Wednesday, October 01, 2003

Job Creation Worst Since WW2


Economy races ahead, leaving jobs in the dust

The Congressional Budget Office projects the unemployment rate, which was 6.1% in August, will average 6.2% in 2004.

There is also a growing debate about whether the government's employment numbers fully capture what's happening. That's partly due to a widening gap between the Labor Department's monthly survey of about 60,000 households, which shows 1.4 million jobs have been created since November 2001, and its survey of 400,000 businesses, which indicates 1.1 million have been lost.

Labor Department officials Tuesday unveiled a report, based on data covering millions of private firms, that showed continued job loss through December 2002.

Mark Zandi, chief economist at Economy.com, says the situation might be as bad as the early 1990s, though the jobless rate is lower. Unemployment peaked at 7.8% in June 1992, compared with the current high of 6.4% in June 2003.

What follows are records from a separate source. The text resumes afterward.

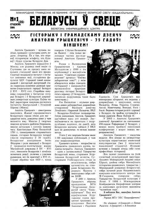 Выдавец: Міжнароднае Грамадскае Аб'яднанне Згуртаванне Беларусаў Свету Бацькаўшчына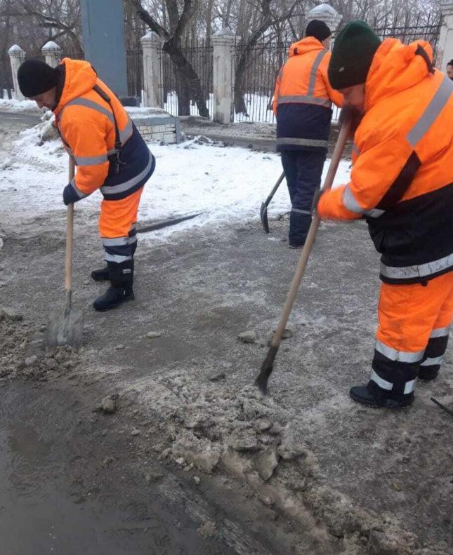 В связи с оттепелью и гололëдными явлениями, бригады МБУ «Автодорстрой» работают во всех районах Барнаула: с помощью спецтехники удаляют наледь и мокрый снег с пешеходных дорожек, посыпают песком наиболее скользкие участки.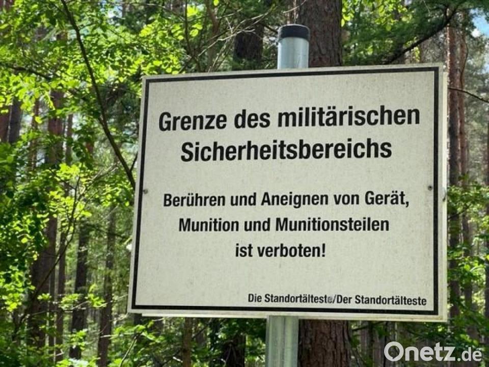 Im gesamten Bereich des Standortübungsplatzes bestehe deshalb die Gefahr, Blindgänger und Munitionsteile aufzufinden. Angesichts dieser "erhöhten Gefährdung für Leib und Leben" warnt der Standortälteste davor, "gefundene Gegenstände zu berühren, aufzunehmen, in ihrer Lage zu verändern, eingedrungene Geschosse und Zünder freizulegen oder gefundene Munition oder Munitionsteile mitzunehmen".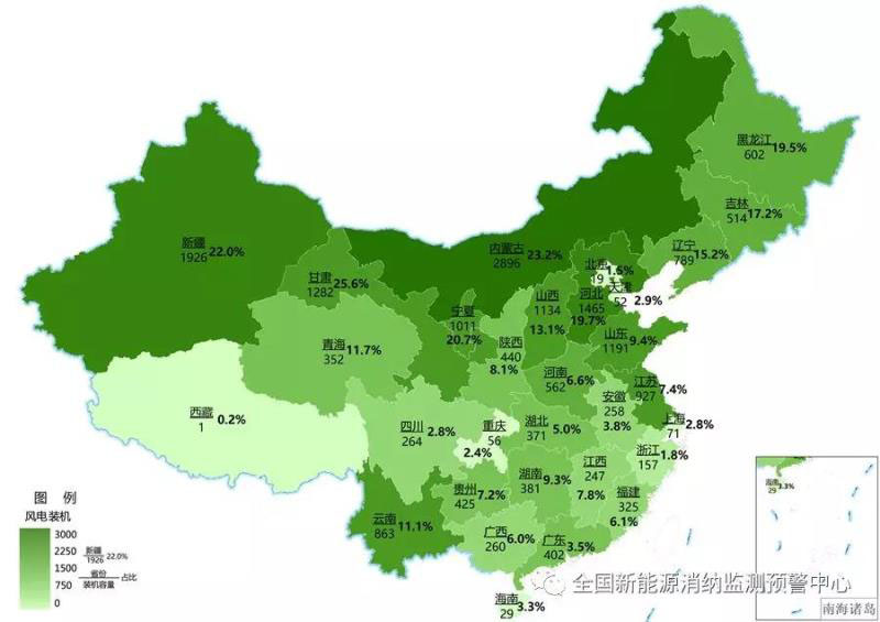 截至6月底各地區(qū)累計風電裝機(萬千瓦)及占本地區(qū)總裝機比重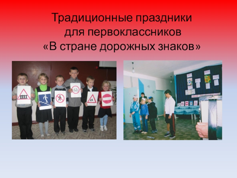 Слайд 7Традиционные праздники для первоклассников «В стране дорожных знаков»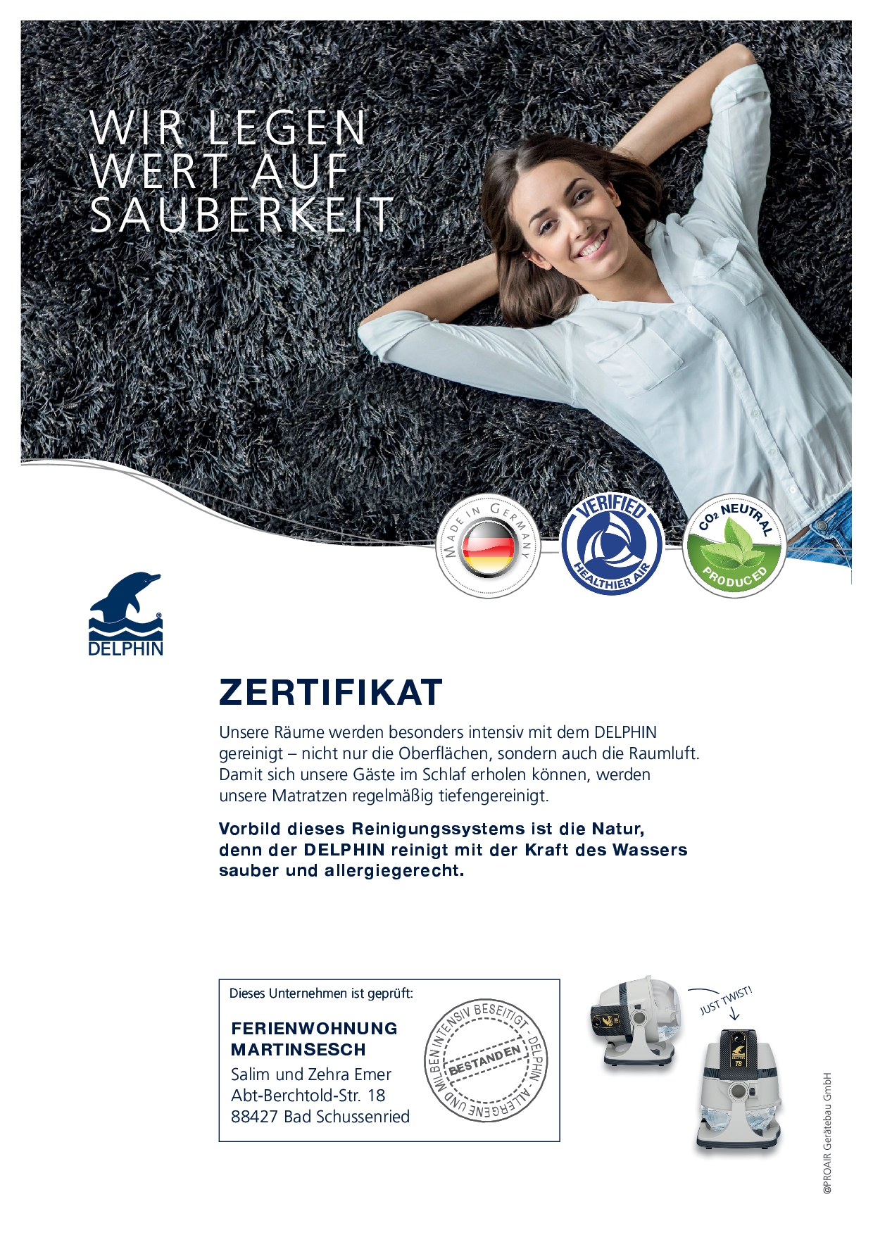 Unsere Räume werden besonders intensiv mit dem DELPHIN gereinigt. Nicht nur die Oberflächen, sondern auch die Raumluft. Wir sind überzeugt, dass Sie den Unterschied spüren werden und freuen uns darauf, Ihnen einen sauberen und komfortablen Aufenthalt zu bieten. Bei Fragen oder speziellen Anliegen stehen wir Ihnen jederzeit gerne zur Verfügung! Hier gelangen Sie zum Zertifikat

Zandi says the share of the working-age population that has a job or is looking for one has fallen by a percentage point in the past three years, the largest decline in labor force participation on record. Frustrated job seekers have given up, and foreign workers who came to the USA during the 1990s tech expansion have left. If participation had remained flat, the unemployment rate would be 7.8%.

Firms are expected to keep moving white-collar and factory jobs overseas. A Goldman Sachs study estimates 300,000 to 500,000 jobs were lost in the past three years to foreign relocations. As many as 6 million jobs could move overseas in the next decade.